### HOW TO COMPLETE THIS TASK
Transcribe the listing exactly, skipping every picture.

### SOURCE MATERIAL
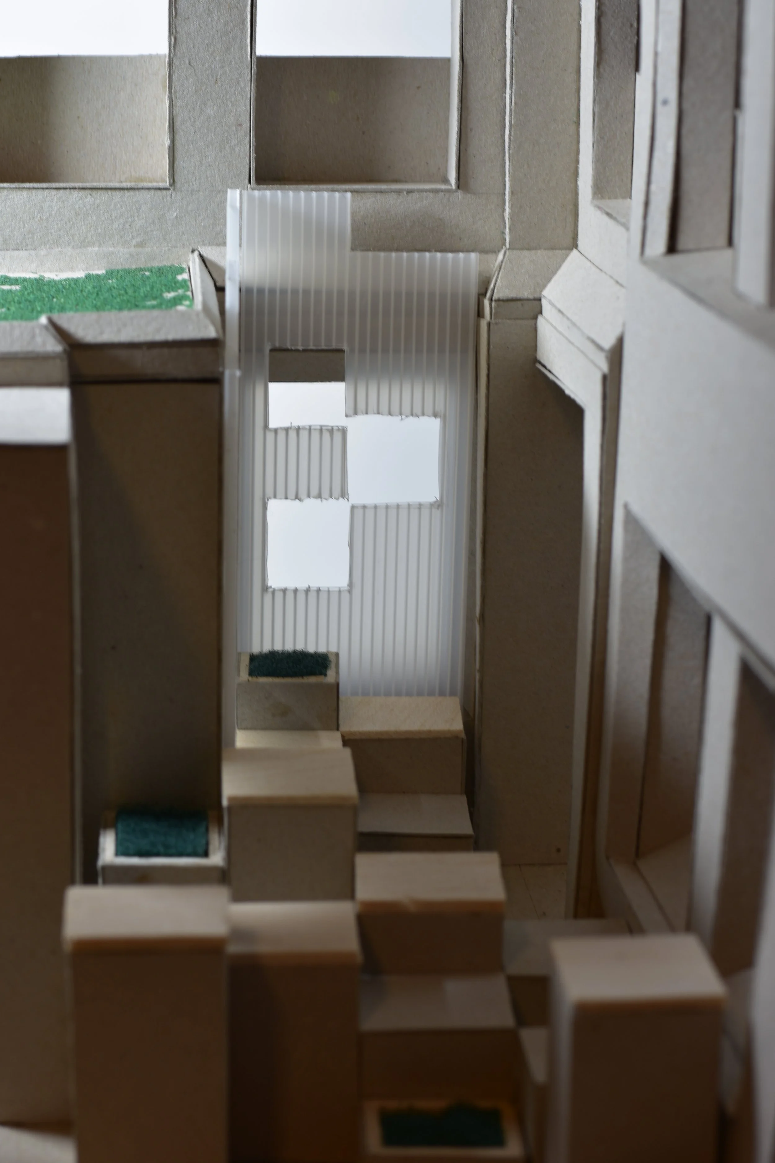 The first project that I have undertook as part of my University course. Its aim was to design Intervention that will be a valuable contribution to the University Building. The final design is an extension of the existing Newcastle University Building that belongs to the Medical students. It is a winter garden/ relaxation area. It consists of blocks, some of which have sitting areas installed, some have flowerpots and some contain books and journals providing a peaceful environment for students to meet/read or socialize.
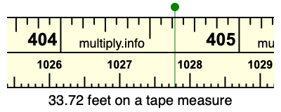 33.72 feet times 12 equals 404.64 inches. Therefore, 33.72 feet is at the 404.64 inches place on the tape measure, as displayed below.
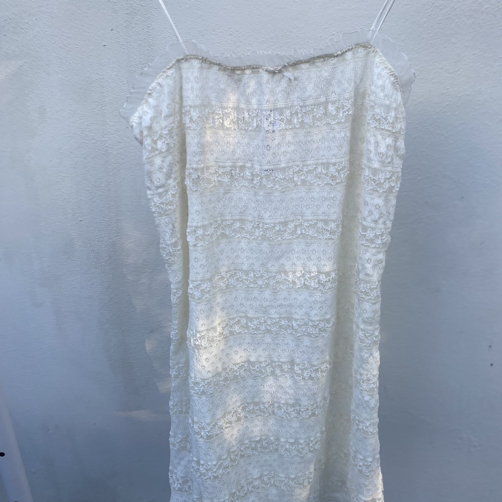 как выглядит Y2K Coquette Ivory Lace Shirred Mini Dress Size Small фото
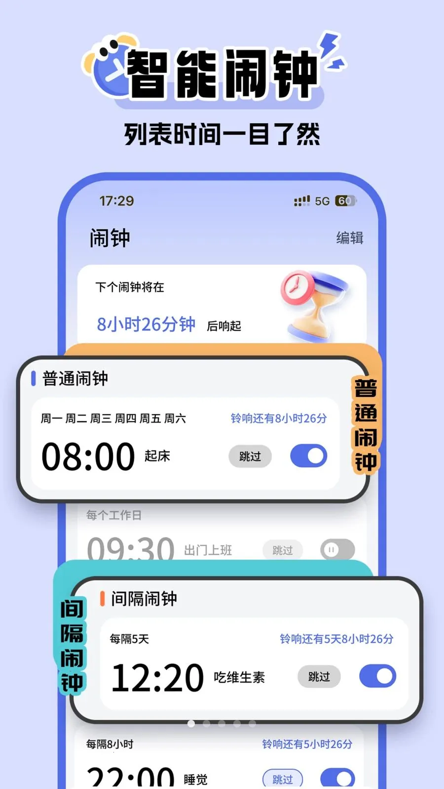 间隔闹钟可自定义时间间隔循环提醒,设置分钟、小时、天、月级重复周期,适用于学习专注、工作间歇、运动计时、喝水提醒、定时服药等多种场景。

### TASK ANSWER
 The first project that I have undertook as part of my University course. Its aim was to design Intervention that will be a valuable contribution to the University Building. The final design is an extension of the existing Newcastle University Building that belongs to the Medical students. It is a winter garden/ relaxation area. It consists of blocks, some of which have sitting areas installed, some have flowerpots and some contain books and journals providing a peaceful environment for students to meet/read or socialize.
 33.72 feet times 12 equals 404.64 inches. Therefore, 33.72 feet is at the 404.64 inches place on the tape measure, as displayed below.
 как выглядит Y2K Coquette Ivory Lace Shirred Mini Dress Size Small фото
 间隔闹钟可自定义时间间隔循环提醒,设置分钟、小时、天、月级重复周期,适用于学习专注、工作间歇、运动计时、喝水提醒、定时服药等多种场景。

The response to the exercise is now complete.